At the start, I mentioned that at first glance, the trajectory of the Gospel has nothing to do with food. But it has. To save us, God touches us to the core of our being. Therefore it is right to state that Jesus is never far from our salvation or we are never far from being saved by Him. In this new age of the Church[4] Jesus acts through the Sacraments to bring us the salvation which He guaranteed through Isaiah and effected in the healing touch of the man born deaf and dumb. For us, in the Sacrament of the Eucharist, Jesus is the fulfilment of the assurance made before the Ascension that He will be with us till the end of time.
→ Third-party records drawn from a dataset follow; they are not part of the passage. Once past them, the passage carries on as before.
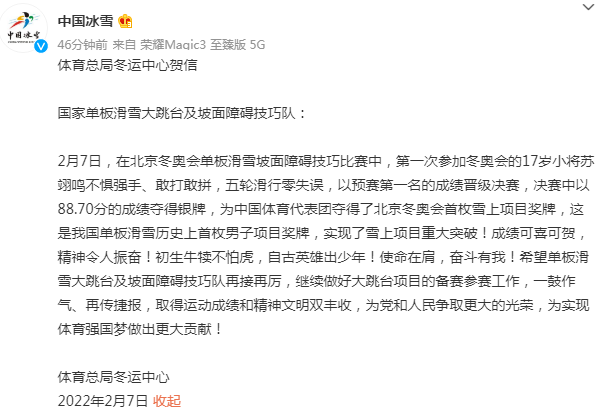 另据“中国冰雪”微博号,北京冬奥会单板滑雪男子坡面障碍技巧决赛,中国队17岁小将苏翊鸣摘得银牌,为中国队创造了该项目历史最好成绩!体育总局冬运中心发贺信祝贺,贺信如下:
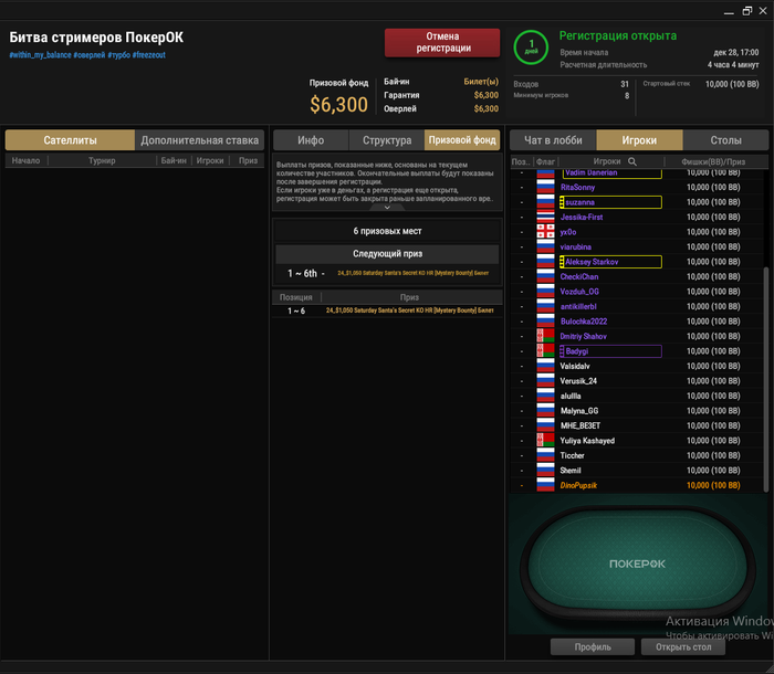 Завтра (28.12.2024) в 17.00 мск буду участвовать в турнире ПОКЕРКА - Битва стримеров ПокерОК💜
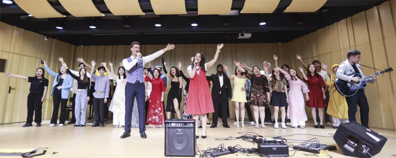 5月10日晚,知华导师“一带一路”音乐文化工作室组建的“海翼”国际学生合唱团在beat365手机官方网站音乐学院音乐厅成功举办了主题为“音乐无疆,美美与共”的各国文化音乐专场音乐会。本场音乐会是2023年beat365手机官方网站国际文化节的重要组成部分,将校园国际文化交流活动从白天的展台,延伸到了傍晚的舞台。beat365手机官方网站党委副书记欧阳华出席音乐会并致辞祝贺,音乐学院院长王勇,国际部党委书记王丽娜,国际部党委副书记、国际教育学院副院长陈秀猛,工作室指导教师许妍老师及中外师生到场参加。音乐学院党委副书记、副院长曹茜主持了本次音乐会。
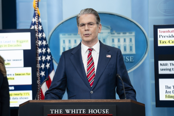 贝森特在周三(4月15日)的白宫新闻发布会上说:“美国财政部已致函两家中国银行。我不会透露这两家银行的名字,但我们告诉它们,如果我们能够证明有伊朗资金流经你们的账户,我们将实施二级制裁。”
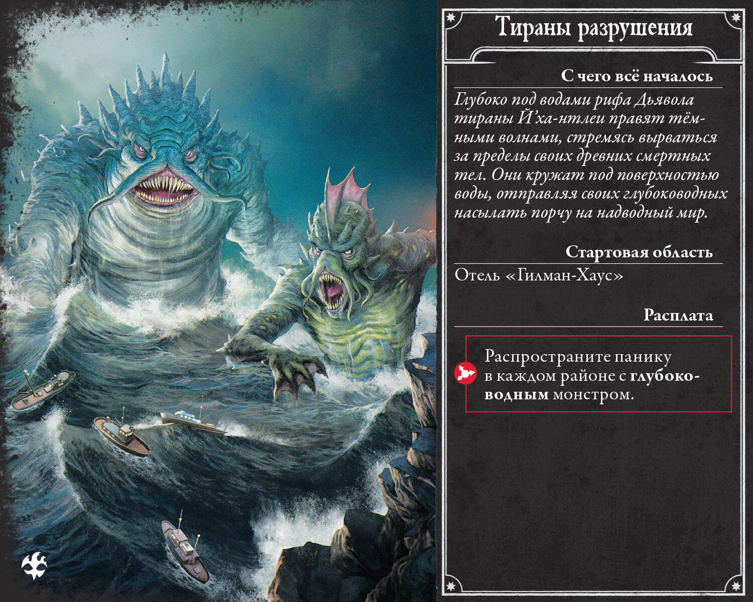 Кошмарные чудовища из морских глубин уже готовы выбраться на сушу... А игрокам вновь нужно дать отпор приближающейся угрозе! Данное дополнение предлагает четыре новых сценария, полных разветвленных и увлекательных историй. Помимо этого, вас ждут новые персонажи, предметы и монстры, обладающие теперь новыми возможностями и способные усложнить жизнь игрокам еще сильнее. Ужас медленно распространяется по городу, и жителей одолевает безысходность, влияющая на игровую партию. А если приключение покажется вам слишком сложным, вы можете ознакомиться с новой системой уровней сложности для каждого сценария.

In conclusion, presuming that one is spiritually prepared, the reception of Holy Communion by means of the drive through initiative brings out clearly the aspect of the Eucharist as truly Viaticum—He touches us. Fear not for He will always be with us along the way until we have arrived at our eternal destination.



[1] Headphones and headsets. Anything which is shared is possible fomite transmission.

[2]The Lord Jesus made the deaf hear and the dumb speak. May He soon touch your ears to receive His word, and your mouth to proclaim His faith, the praise and glory of God the Father. Amen”.

[3] If we think about it, it does not make sense. How can mortality which is “essential” OF our nature be considered a weakness? We are mortal beings as the philosopher Heidegger reminds—beings unto death. Every breath is one breath to death. It should be viewed not as a weakness but rather as path toward freedom.

[4] Definitely not the New Age that believes that the “self” is the saviour a la self-help etc.